Predicting Horse Race Winners Using Advanced Statistical Methods

Predicting Horse Race Winners Using Advanced Statistical Methods

Share This Content
Conditional Logistic Regression with Frailty applied to predicting horse race winners in Hong Kong.

Since first proposed by Bill Benter in 1994, the Conditional Logistic Regression has been an extremely popular tool for estimating the probability of horses winning a race.

I propose a new prediction process that is composed of two innovations to the common CLR model and a unique goal for parameter tuning . First, I modify the likelihood function to include a "frailty" parameter borrowed from epidemiological use of the Cox Proportional Hazards model. Secondly, I use a LASSO penalty on the likelihood, where profit is the target to be maximized. (As opposed to the much more common goal of maximizing likelihood.)

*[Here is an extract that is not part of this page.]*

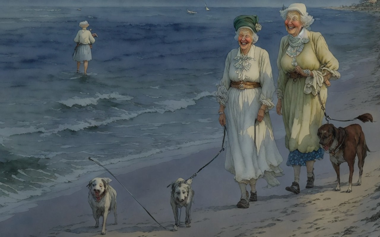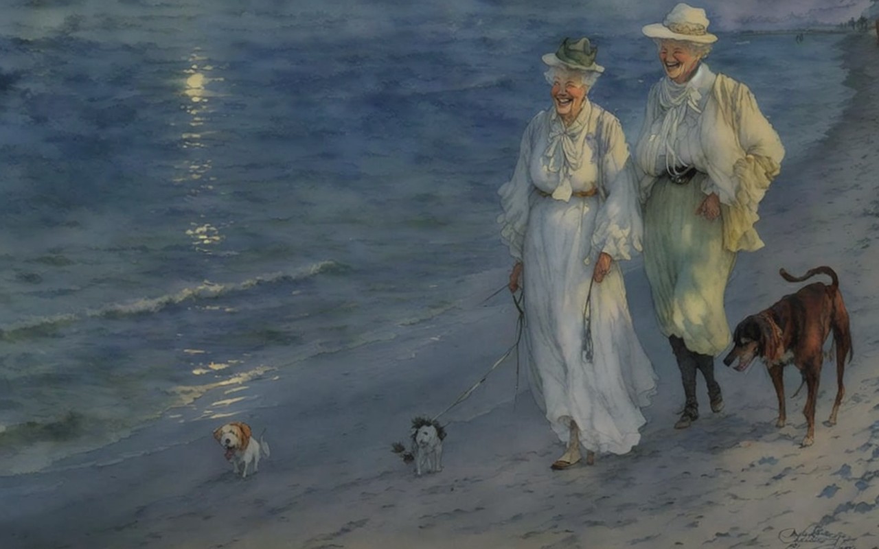 Two elderly women stroll along a beach, hand in hand, accompanied by a dog. They wear vintage attire and straw hats, with a sailboat visible in the calm sea under a cloudy sky.

Finally, I implemented a Cyclical Coordinate Descent algorithm to fit the model in high-speed parallelized code that runs on a Graphics Processing Unit (GPU), allowing me to rapidly test many tuning parameter settings.

Historical data from 3681 races in Hong Kong were collected and a 10-fold cross validation was used to find the optimal outcome. Simulated betting on a hold out set of 20% of races yielded a return on investment of 36.73%.